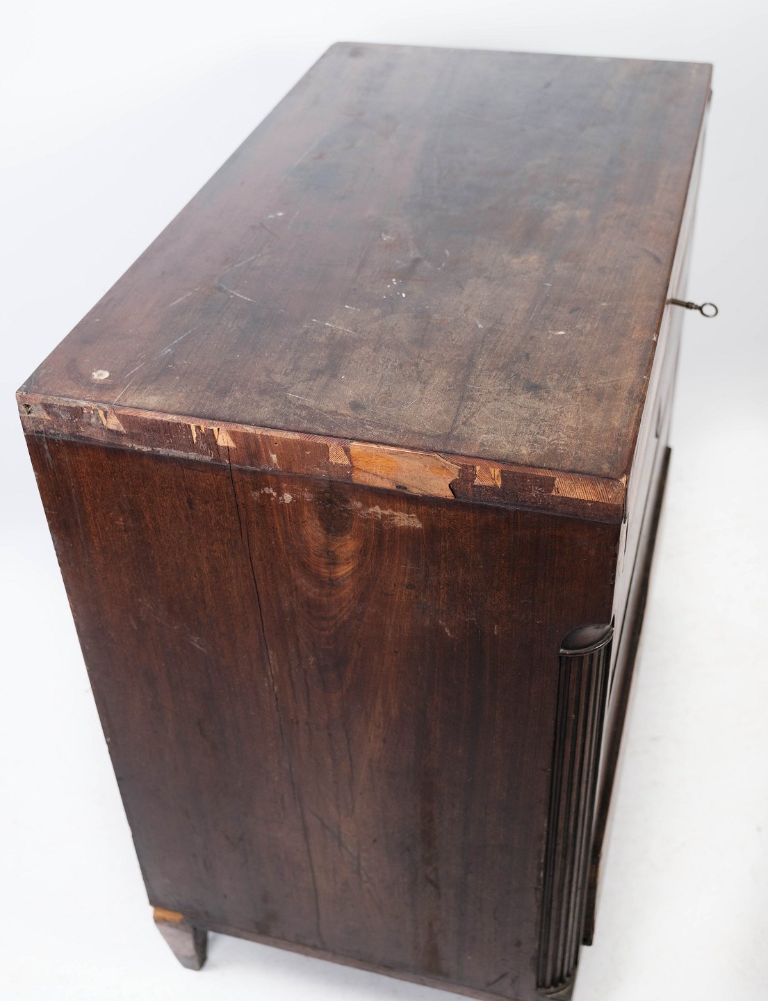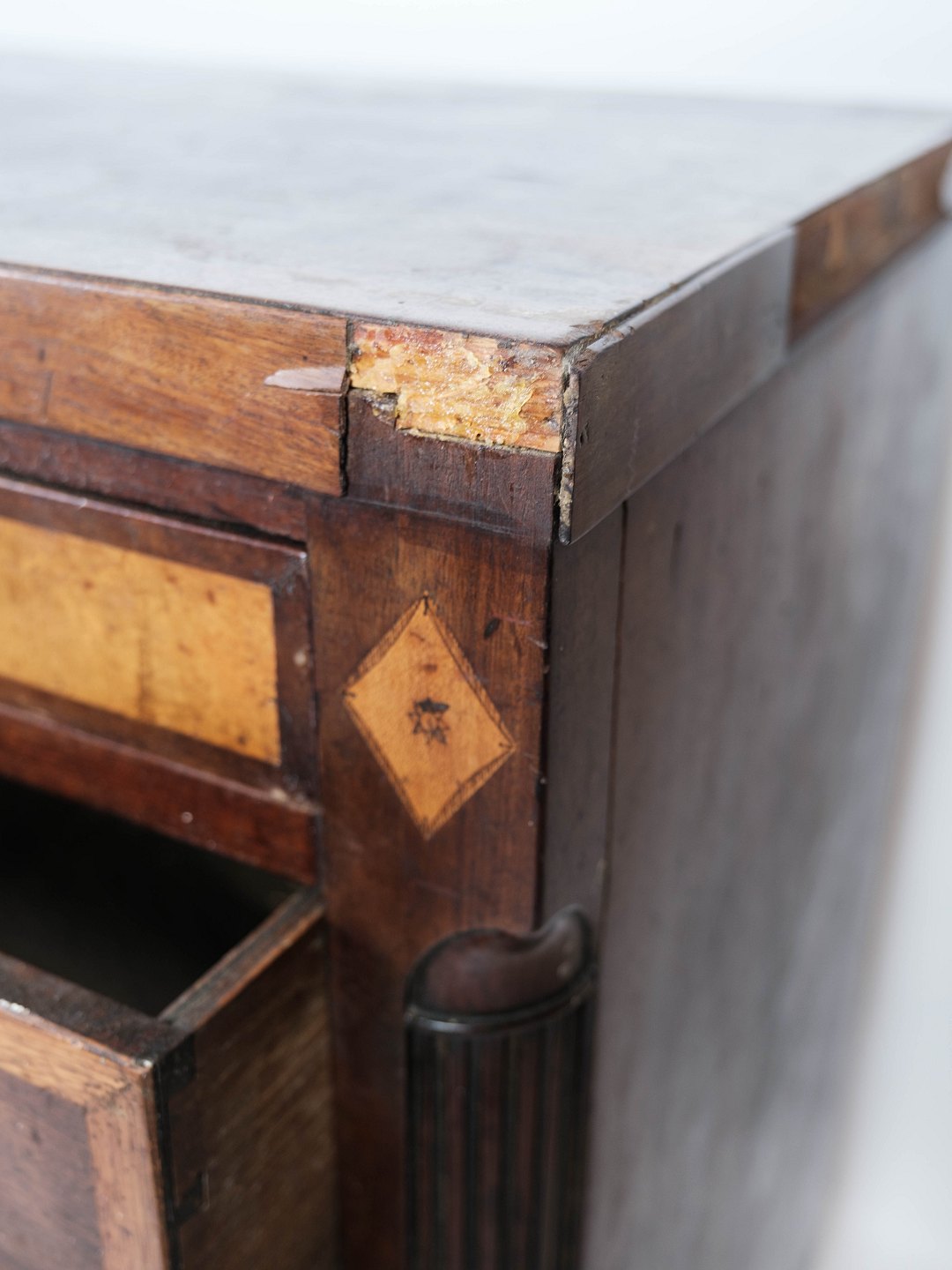 Louis Seize kommode af mahogni med intarsia. Kommoden er i flot antik stand.
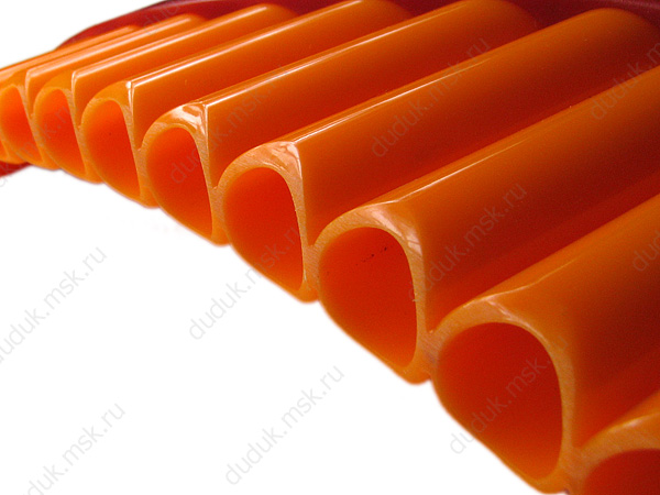 Материал: пластик ABS. Диапазон - две октавы (соль первой – соль третьей), строй диатонический (соль мажор). Панфлейта целиком отлита в пресс-форме, прочная и легкая. Поясок съемный, и выполняет чисто декоративную функцию. Пробки твердые, прозрачные, двигаются. В комплекте чехол.
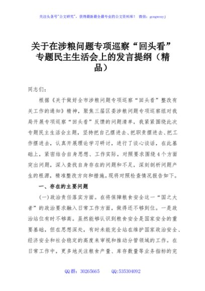 / 关于在涉粮问题专项巡察“回头看”专题民主生活会上的发言提纲(精品)
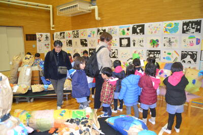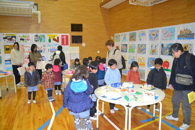 浜風小学校の図工展に行きました。 投稿: ルーム管理者 (17:01) なでしこ組さんの白雪姫。森の奥は嵐のような風が吹き荒れ、やがて日が暮れて真っ暗になりました。 ばら組さんの7匹のこやぎ。お母さんが買い物に出かけると、こやぎたちは仲よく遊びました。 お昼から、浜風小学校の図工展に行きました。面白い作品やすごい作品がたくさんでしたね。 寒い中、頑張って歩きましたね。来週も元気に来てくださいね!
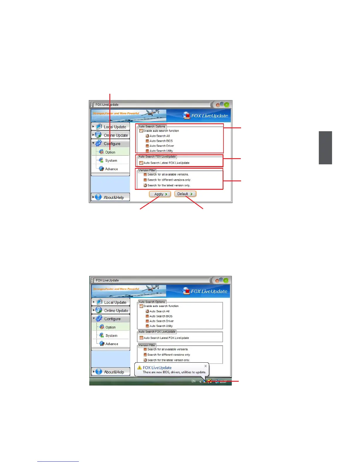 This page lets you set auto search options. After you enable the auto search function, FOX
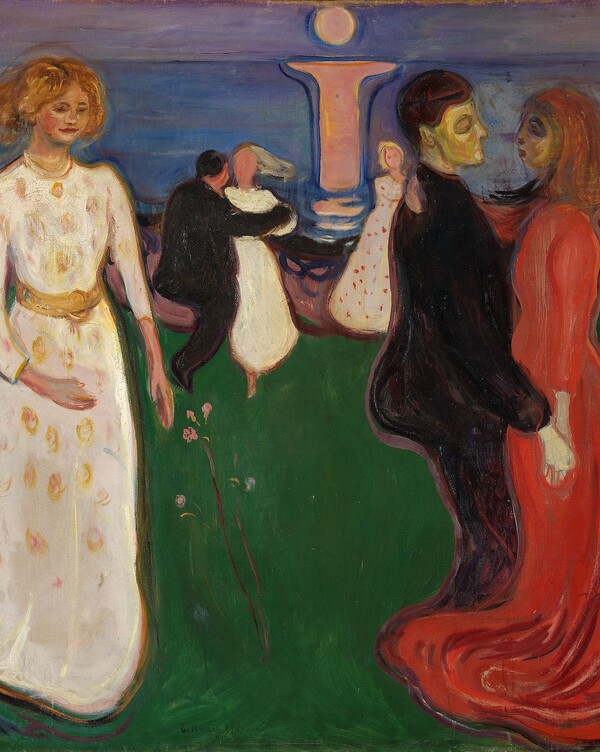 По представлениям художника вся жизнь — это танец. На картине изображён летний праздник: юноши и девушки танцуют парами на берегу моря в лунную ночь. Среди празднующих выделяются три женские фигуры в платьях символических цветов — белом, красном и чёрном. Девушка в белом стоит слева, поодаль от танцующих, рука её тянется к цветку на высоком стебле. Женщина в красном танцует с мужчиной, которому художник придал собственные черты: они изображены в самом центре картины. Наконец, женщина в чёрном стоит возле правого края картины: у неё, как и у девушки в белом, нет партнёра, и она ревниво смотрит на танцующих [15]. Как и в «Сфинксе» все три женщины демонстрируют зрителям три ипостаси женского возраста: в белом — начало взрослой жизни и рождение любви, в красном — бурная жизнь и любовь, что горит ярким огнём, в чёрном — закат всего, тоска по прошлому, невозможность вернуть былое.
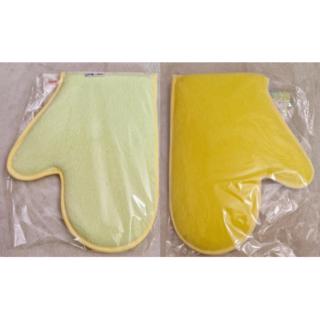 Žínka na koupání, velikost 24 x 20 cm. Barva: 1 strana světle zelená, 2. strana žlutá. Lemovací pásek světle žlutý.
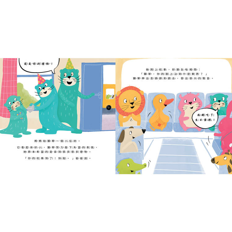 獺蒂盼了一整年的生日,終於收到爸媽送的禮物──一個裝著500元的紅包!她原本興奮地想著要買遊戲、玩具或一大堆糖果。但在上學途中看到孤兒院後,她的心裡出現了另一個念頭:把錢捐出去,幫助需要幫助的小朋友。當她和好友分享這個想法時,大家都決定一起加入,拿出各自的零用錢和存款。放學後,他們湊到孤兒院,一共準備了850元。當孩子們把錢交給院長時,院長感動得眼眶泛淚,誇他們非常貼心。那天,他們陪孤兒院的小朋友讀書、玩耍,度過了一個難忘的下午。獺蒂深深體會到,這才是她收到過最棒的生日禮物──「分享能為所有人帶來快樂!」
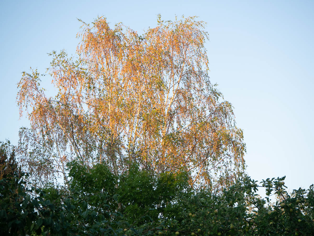 The lawn has been dead for a long while. Now even large trees are being affected by this summer’s drought. This is what several nearby birches look like: the leaves all dead and yellow, even though autumn is still far away.
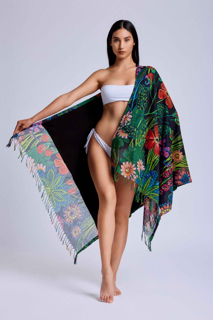 Relaxar na praia nunca foi tão confortável com a Toalha de praia Flora. Feita em puro algodão, é forrada com uma suave felpa para uma experiência de puro conforto. Os seus motivos florais com cores refinadas adicionam um toque de elegância ao seu dia na praia. Dimensões: 95x180 cm.
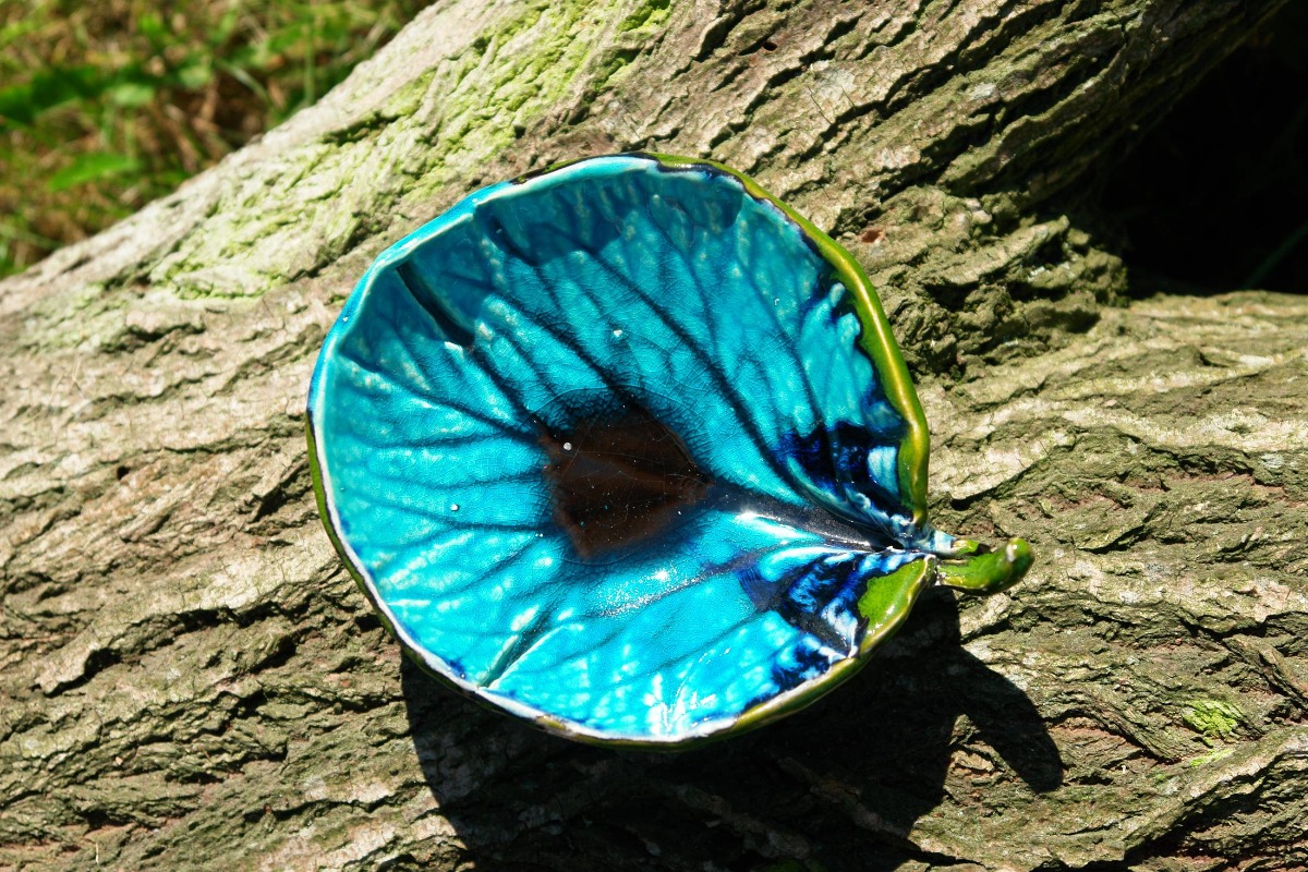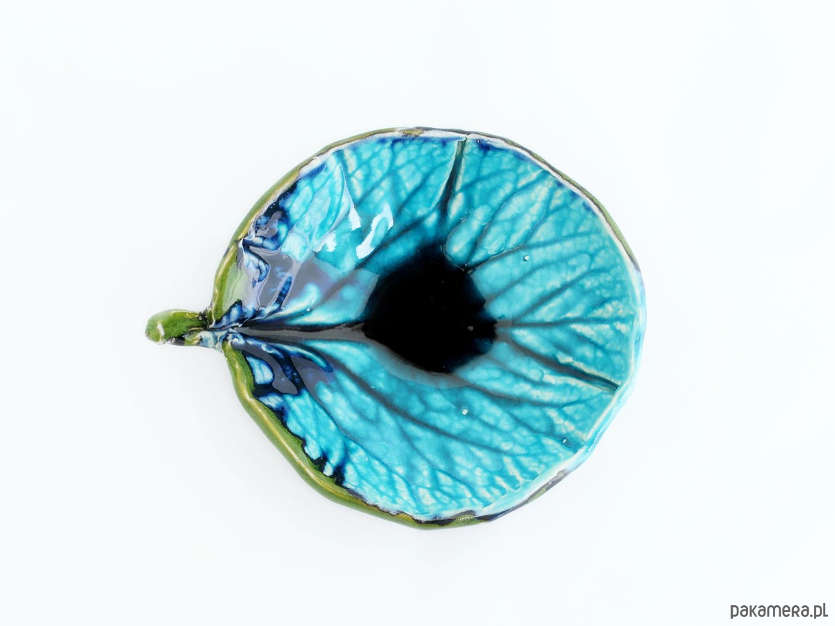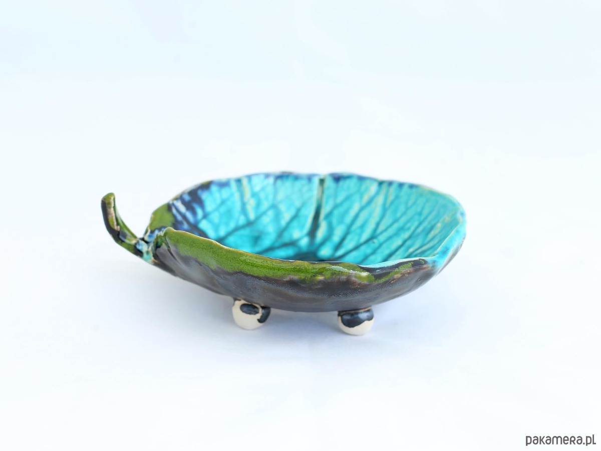 Piękna, delikatna miseczka w kształcie liścia, na trzech okrągłych nóżkach. Miseczka w kolorach turkusowo-zielonym. Idealna do przechowywania biżuterii lub słodkości. :-) Jej wymiary: 11 x 14 cm cm, wys.- 4 cm

(Task statement) Your task is to print exactly the lines from the one containing "Relaxar na praia" through the final line of the records above, with no pictures and nothing more.

(Reply to the task)
 Relaxar na praia nunca foi tão confortável com a Toalha de praia Flora. Feita em puro algodão, é forrada com uma suave felpa para uma experiência de puro conforto. Os seus motivos florais com cores refinadas adicionam um toque de elegância ao seu dia na praia. Dimensões: 95x180 cm.
 Piękna, delikatna miseczka w kształcie liścia, na trzech okrągłych nóżkach. Miseczka w kolorach turkusowo-zielonym. Idealna do przechowywania biżuterii lub słodkości. :-) Jej wymiary: 11 x 14 cm cm, wys.- 4 cm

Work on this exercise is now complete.